There's a new U.S. Supreme Court Justice on the horizon, John Roberts. I don't know how much of a fight the Democrats will put up over his nomination. What interests me is that Conservatives seem to accept that he fits the bill of a judge who will perform a strict reading of the Constitution, not some constructionist who will find things like a "right to privacy" tucked away in the text.
It appears that Conservatives - in the U.S. and Canada - want the written law to be strictly held to, as if it is a static text who's meaning is plain to everyone. As if the only relevent factors in a given decision are 1) The evidence and 2) The strict text of the law.
I want to suggest this is basically impossible; since the law is a social activity, other factors will inevitably appear. A judge, in a case where a law or procedure is being challenged, will always engage in several layers of interpretation.
Case in point. Beliefnet has helpfully provided a handful of excerpts from John Roberts' decisions regarding religion in schools. From the Beliefnet description:
In the Lee v. Weisman brief, the government argued that public high schools should be allowed to hold religious ceremonies as part of graduation ceremonies.
From Roberts' decision:
We believe that evidence, including that adduced in Marsh and Lynch, shows that the Framers fully assented to the appearance of non-coercive religious practices in civic life. To focus, as the lower courts have done, on the fact that the specific type of ceremony at issue did not exist when the Constitution was adopted is to blind oneself to the broader truth on which Marsh was founded: that public ceremonial acknowledgments of religion were welcomed by the Framers and are deeply rooted in the Nation's heritage. /17/ Indeed, history suggests that listening to a religious invocation at a civic ceremony was seen not as an establishment of religion by the government but, on the contrary, as an expression of civic tolerance and accommodation to all citizens. . . .

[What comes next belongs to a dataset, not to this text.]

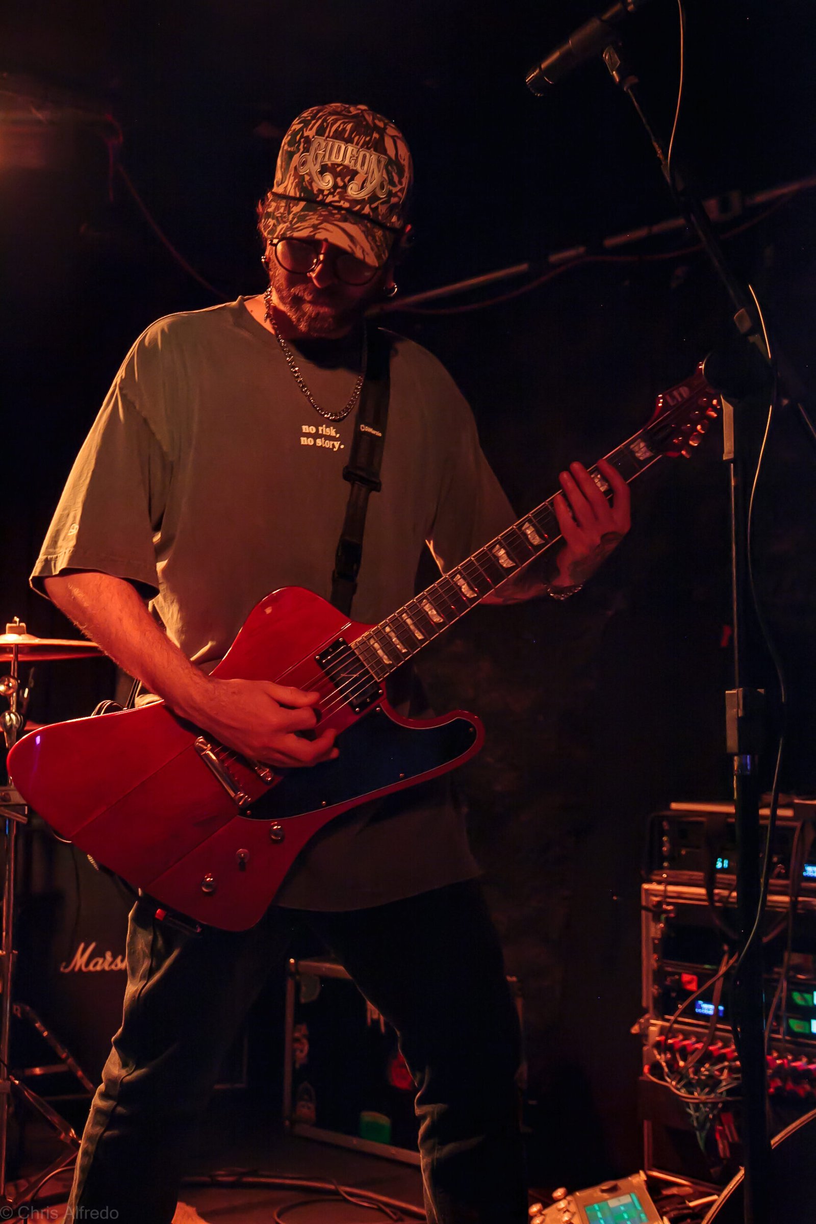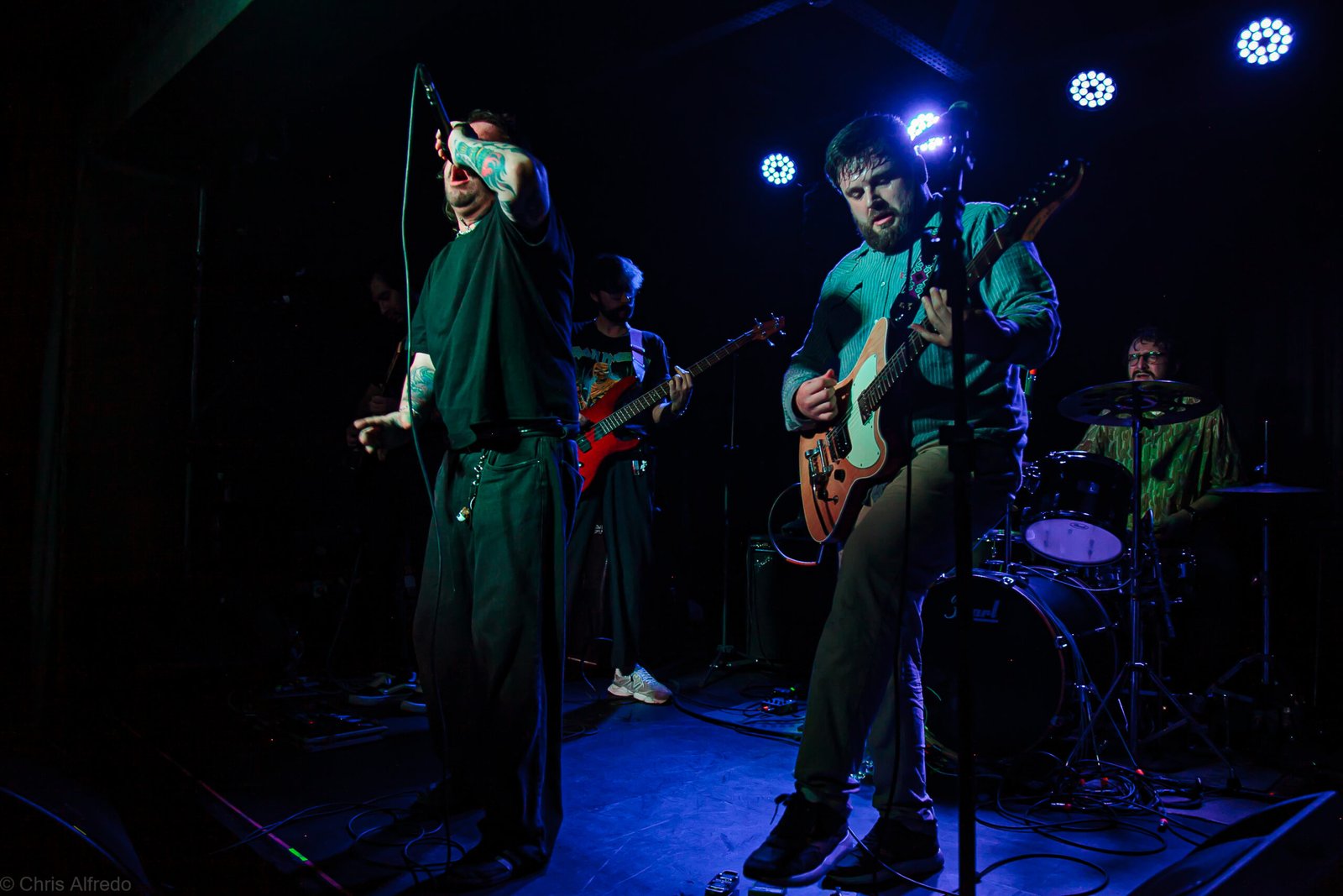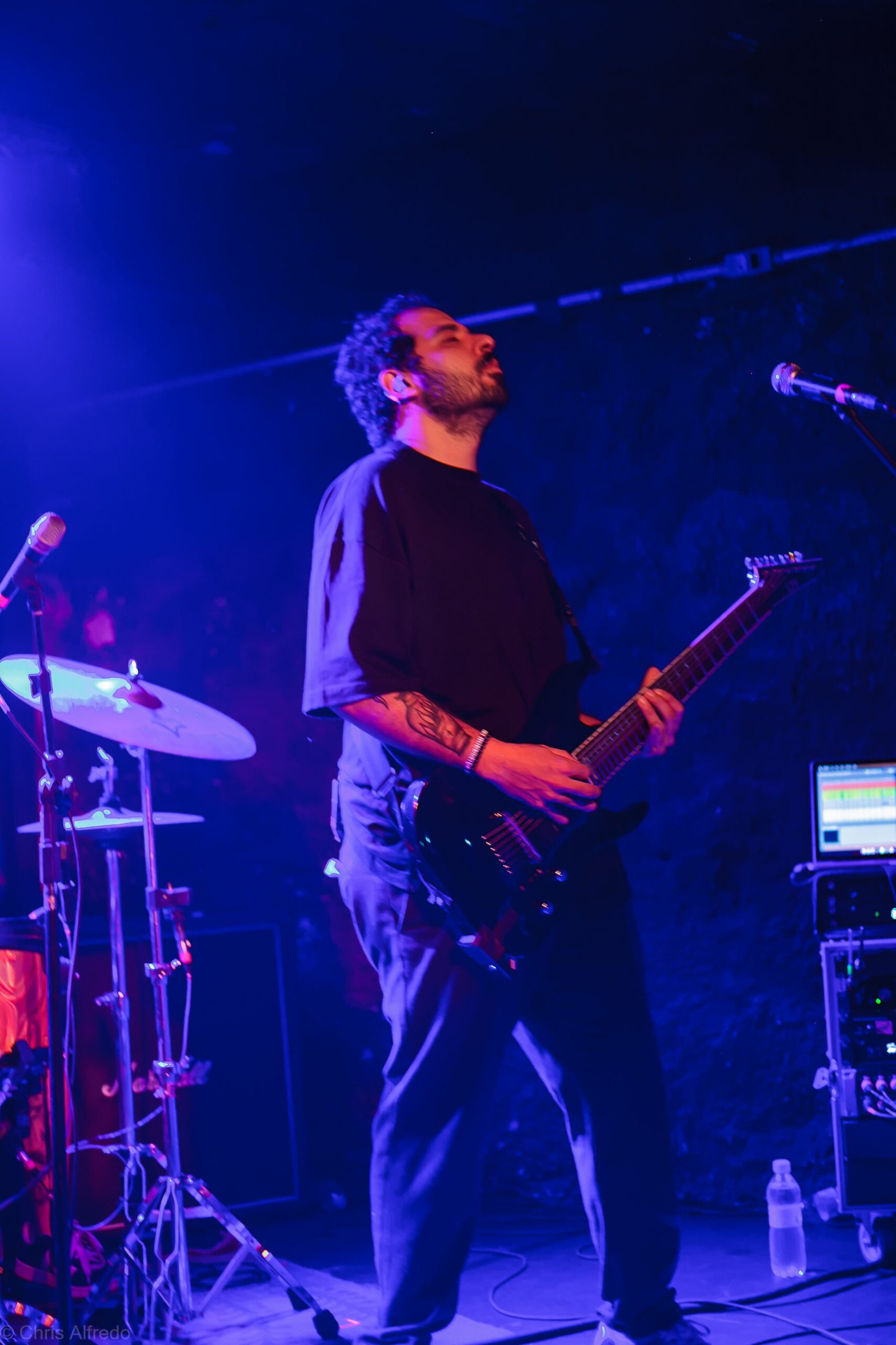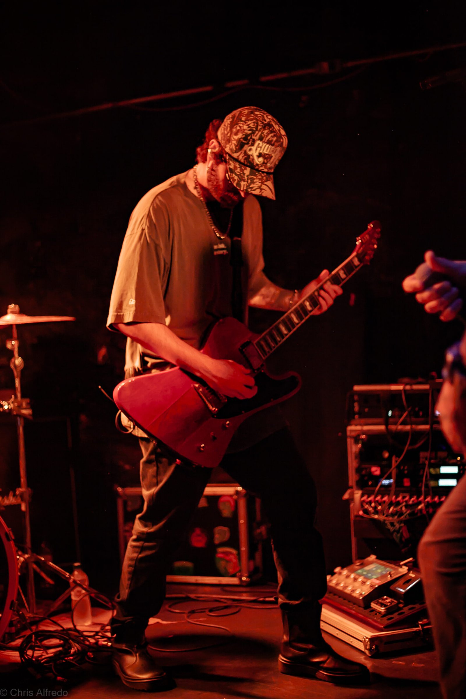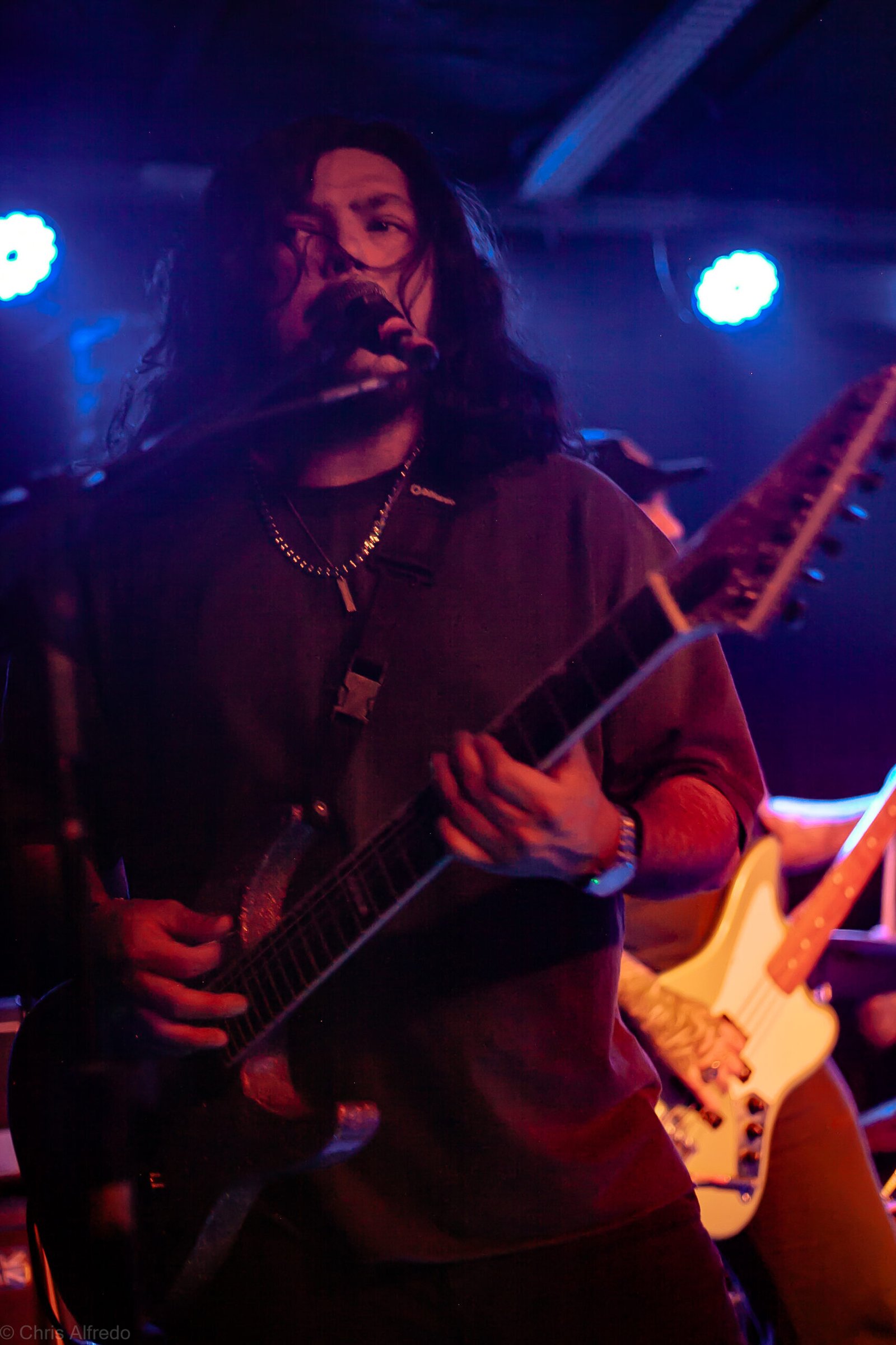 A performance contou com uma combinação de instrumentos bem equilibrada: a bateria firme, o baixo consistente e as guitarras criando camadas que sustentaram a intensidade do show. A iluminação sóbria e a disposição do palco reforçaram o clima intimista e autêntico da apresentação, colocando o público no centro da experiência.

Moreover, we agree that Establishment Clause concerns are triggered not only by coercion in the form of direct, legal compulsion, but also in the form of more indirect social coercion. For instance, we recognize that the special character of the public school setting has heightened this Court's sensitivity to subtle forms of coercion. See, e.g., Engel v. Vitale, 370 U.S. 421, 430-431 (1962). We do not believe, however, that graduation ceremonies pose a risk of coercion. Such ceremonies typically occur but once a year. They are addressed not to children alone but to families as a whole which are, as the Stein court noted, a natural bulwark against any coercion. Indeed, children in the family setting may hear similar invocations and benedictions at inaugurals and other public ceremonies. In short, whatever special concerns about subtle coercion may be present in the classroom setting -- where inculcation is the name of the game -- they do not carry over into the commencement setting, which is more properly understood as a civic ceremony than part of the educational mission.
Roberts is calling upon particular views gleaned from history and sociology - not the text of the law. Roberts isn't "giving a plain text reading" of the Constitution here; he's developing his own understanding of the social circumstances. The text of the law is only one factor, and not even necessarily the deciding factor.
This is something that needs to be remembered when Supreme Court judges tackle other contentious issues. Judges don't simply read the text of the law and hand down decisions; they have to choose between various interpretations of just about every field of human knowledge.
I'm not saying Roberts' reading is incorrect; he actually seems like a reasonable guy. But here we have an obvious example of why the law can be so messy, and why some court decisions can be so inscrutable.